LAKE OSWEGO, Ore. (Lake Oswego Review) — Residents and train enthusiasts celebrated the return of the Willamette Shore Trolley three years ago, when Lake Oswego acquired a new pair of vintage trolley cars from TriMet. Service had been suspended since 2010, after the city’s two original trolleys broke down.
But one of the new trolleys is still being refurbished, and while the other has been operating since 2013, it’s only been traveling as far as Powers Marine Park before heading back to Lake Oswego. Neither trolley has ever traveled all the way to the line’s north end at the Bancroft Street station.
Now, that’s about to change.
The Lake Oswego Review is a media partner with KOIN 6 News
If all goes according to plan, trolley operator David Harold says, one trolley — and maybe both — could be making the run to Portland’s South Waterfront by Memorial Day, in time for the summer operating season.
“We’ve been down quite a while,” Harold says, “so we’re really excited about getting back to (the full) run.”
Harold is one of several volunteers from the Oregon Electric Railway Historical Society who maintain and operate the trolleys. They’ve been working on the new cars since their arrival in 2013. But by that time, work had already begun on the new Sellwood Bridge — work that required ripping out the section of track that passes underneath the bridge’s western end.
Work on the new bridge is now all but completed, and crews have spent the past two months finishing up one of the final tasks: reinstalling the train track and connecting it to the northern portion of the line. According to Multnomah County spokesman Mike Pullen, the reinstallation was scheduled to be completed in late December, assuming no weather-related delays. After that, officials can begin testing and checking the dormant northern half of the line.
“We’ve made no runs north of (the bridge) for almost six years,” says Harold. “So as soon as they say the track’s done, we have to then go over the whole north end of the line, brush it, check the status of the track, do any repairs. Then we have to get it blessed by two or three entities. They have to run an official test ride and send some inspectors out.”
Harold says the trolley operators have been helping to test the new track under the bridge. Most of the original track’s rails and ties were saved and reused, but the track bed underneath was rebuilt from scratch with improved drainage and stabilization of the surrounding slope.
“They’ve completely replaced the track bed and readjusted the rails,” says Lake Oswego Redevelopment Director Brandt Williams. “I think they reused most of the rails that were there, but they put them back in a new, stronger alignment so the track panel works much better for the trolley. And we added a passing track right underneath the bridge.”
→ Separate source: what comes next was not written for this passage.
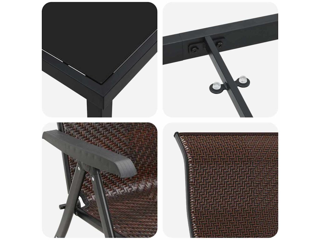 - Součásti: Set zahrnuje poly ratanová sedadla s oporou zad a pohodlnými loketními opěrkami. Stůl s temperovaným sklem poskytuje hladký a stabilní povrch, ideální pro stolování nebo jiné aktivity. Všechny části, od práškově lakovaných ocelových nohou po tkané poly ratanové opěrky, spolu dokonale spolupracují, aby zajistily pohodlí a stabilitu.

That brief section of double track will allow trolleys to pass each other while traveling in opposite directions on the single line. According to Harold, the switches at each end of the siding track are spring-loaded, which should allow them to operate automatically by directing northbound trolleys onto the eastern track and southbound trolleys onto the western track.
“We’ve run two trolleys before, (using) a siding near Carolina Street,” says Harold. “But that was almost at the end of the line, so it wasn’t a real convenient thing. We asked (Multnomah County), ‘As long as you’re putting the tracks back, could we just do a few more things?’ They actually did it for us.”
The former freight line between Portland and Lake Oswego was abandoned by Union Pacific in 1984, but a consortium of local agencies — TriMet, Metro, Multnomah and Clackamas counties, the cities of Lake Oswego and Portland, and later ODOT — stepped in to purchase the line and maintain it for future transit use. The original heritage trolley began operating in 1987.
The trolleys rely on attached diesel generators to supply power for their electric motors — and Harold says a new generator is one of the components the second trolley still needs before it can start running. The rail line at one time had overhead wires to power electric passenger trains, but they were removed after the commuter train service ended in 1929.
The trolley operation ensures that the consortium can keep control of the line, but it’s considered more of an historical tourist feature than a practical transit use. The closest the corridor has come to seeing larger-scale transit development was the proposed Foothills streetcar project, which was shelved in 2012 after a majority of the Lake Oswego City Council opposed it.
Several residents — among them City Councilor Jeff Gudman — have long advocated for the development of a bike path in the corridor that would either replace or parallel the track. Gudman says TriMet has to complete an analysis of some of the finer points of right-of-way ownership before the City can explore the bike path idea.
The corridor’s right-of-way was originally procured specifically for the rail line, and consortium officials are concerned that some of the private property easements that make up the right-of-way might be conditional on the rail use, meaning a bike path could possibly violate the original terms and cause portions of the corridor to revert to the owners of the surrounding property.
“We are waiting for the update from TriMet on a legal review of all the properties where the consortium doesn’t own the right-of-way outright,” says Gudman. “We need to identify how many properties, where they are and exactly what the nature of the ownership is.”
Gudman says he was excited to hear that the City of West Linn submitted an application this year for State Transportation Improvement Program (STIP) funding for a future upgrade to Highway 43 that would include separated bike lanes. Gudman says he hopes a potential bike path along the trolley corridor could connect to the upgraded Highway 43 and eventually create a single dedicated bike path along the entire Highway 43 corridor.
“That’s just another positive factor that’s come in,” says Gudman. “It gives us the ability to have that connection all the way from South Waterfront to Oregon City. I’m hoping that by the time I leave office in two years, we’ll be much further along and can start working on having the funding tied down for the actual work itself.”
But in the immediate future, the line will continue to operate the same way it has for almost 30 years. Harold says volunteers are hard at work restoring the second trolley, and the group hopes to have both up and running by this summer.
“Right now, if nobody shows up for a run, maybe we don’t run — there’s no point,” he says. “But once we have the full length open again, we’ll run even empty, because there might be somebody down there that wants to come back. So it’s going to be a busy season.”